And so this is Christmas

Posted: December 21, 2014 in writing
Tags: , , , , , , ,

This year really feels like it is winding to a close. Loose ends are being tidied away and, metaphorically at least, I’ll be glad to see that calender tick over to 2015. I’ve learned a lot in 2014, some tough lessons at times, but I think I’ve come out of it a stronger, and perhaps a more authentic person. My goal going forward is to be ‘true’ to myself.

Most days now, I know what I want. I also know what I will or won’t tolerate and, most of all, I know that self-care is perhaps the greatest gift you can give…to yourself.

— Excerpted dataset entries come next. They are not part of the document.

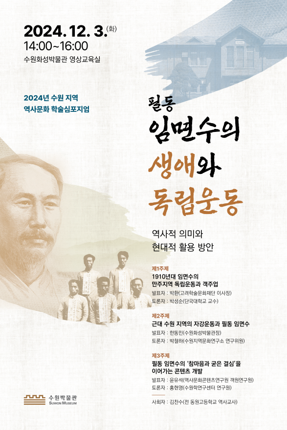 수원박물관은 12월 3일 오후 2시 수원화성박물관 영상교육실에서 ‘필동 임면수의 생애와 독립운동 : 역사적 의미와 현대적 활용 방안’을 주제로 학술심포지엄을 개최한다.
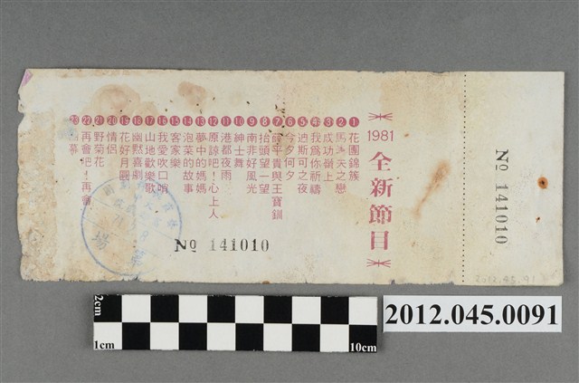 「藝霞歌舞劇團」演出前座全票,背後蓋有編號,「藝霞歌舞劇團-大甲-富都戲院-71.2.8」戳章,代表是1982年2月8日該劇團於大甲富都戲院演出,由劇院蓋戳章準備販售的入場票,本文物共九張,正面均印有1981年藝霞歌舞劇團最新演出劇碼「最新流行壯觀的現代歌舞:迪斯可之夜」的謝幕畫面,背面印有「1981年全新節目」的節目流程,內容包括〈花團錦簇〉、〈馬車伕之戀〉、〈成功嶺上〉、〈我為你祝福〉、〈迪斯可之夜〉…等共23項。
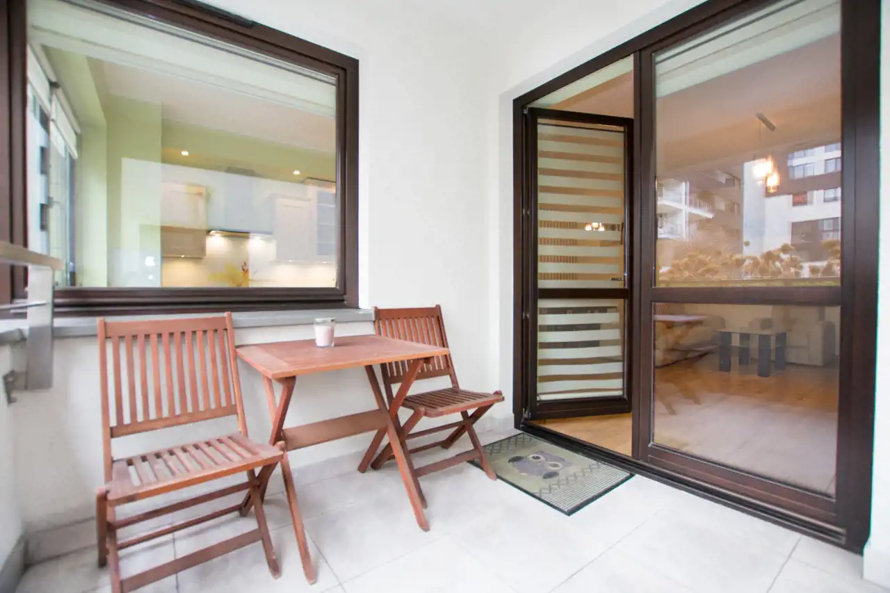 Nieruchomość położona jest w zamkniętej inwestycji z całodobową ochroną i monitoringiem z widokiem na wewnętrzny dziedziniec dzięki czemu jest ciche i przytulne. Mieszkanie jest w pełni umeblowana i wyposażona.
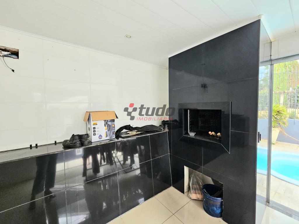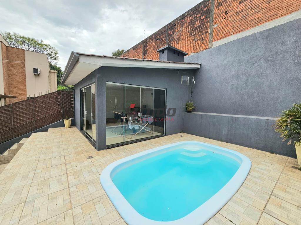 Sala ampla, cozinha com móveis planejados, garagem coberta para um carro e descoberta para dois veículos, piscina, quiosque com churrasqueira.
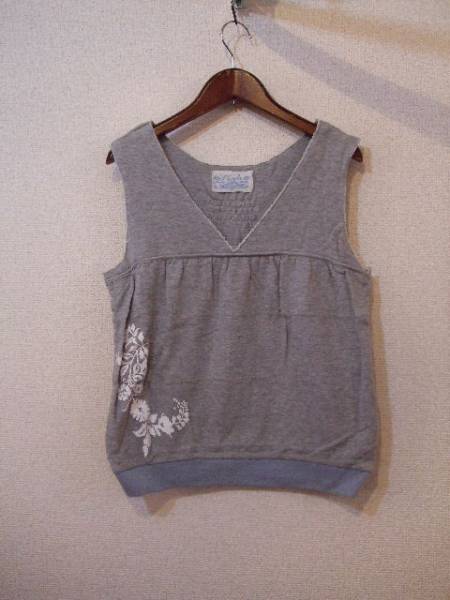 | 商品紹介 | 右横の花モチーフのプリントがオシャレなノースリーブです。 薄手のトレーナー生地でインナーによって色々な着こなしが楽しめます。 素材:コットン100% |

Part of caring for self means setting boundaries. As the title of this blog suggests, I’m a ‘sensitive’ person…whatever that means. I guess for want of a good definition, I’ll have a go at defining it for myself:

  • Well, firstly, I try and please everyone as much as I can. (I know that’s silly…)
  • Secondly, I am intensely aware of other people’s emotions and moods. I can get sucked into the vortex of their anger or despair, insecurity and even jealousy. Once I’m aware, I feel almost responsible for making them feel better and I get anxious that things aren’t ‘right’.
  • I’m also aware, sometimes inadvertently, of what other’s are thinking. I have an antenna that goes up and sure enough I’ll get a call or a visit and that person will raise the thing I know they’ve called to speak about. Sometimes, the antenna is just a connection and I’ll hear from the person that has come to mind.
  • For better or worse I’m psychologically perceptive (this runs in my family). I know what bothers a person and where and why they are feeling a little vulnerable. Most of the time I say to myself it’s none of my business and manage to stand aside from it. Not everybody wants or needs to be helped and sometimes it really is ‘their business’ not mine.
  • Occasionally, I can get flashes or insight into probable outcomes. I try and keep that to myself unless I’m asked because I’ve found people want to hear what they want to hear and the future is unknowable to them, and perhaps to me, anyway.
  • Sometimes, I will have a prophetic dream and this gives me an insight that may or may not be worrying.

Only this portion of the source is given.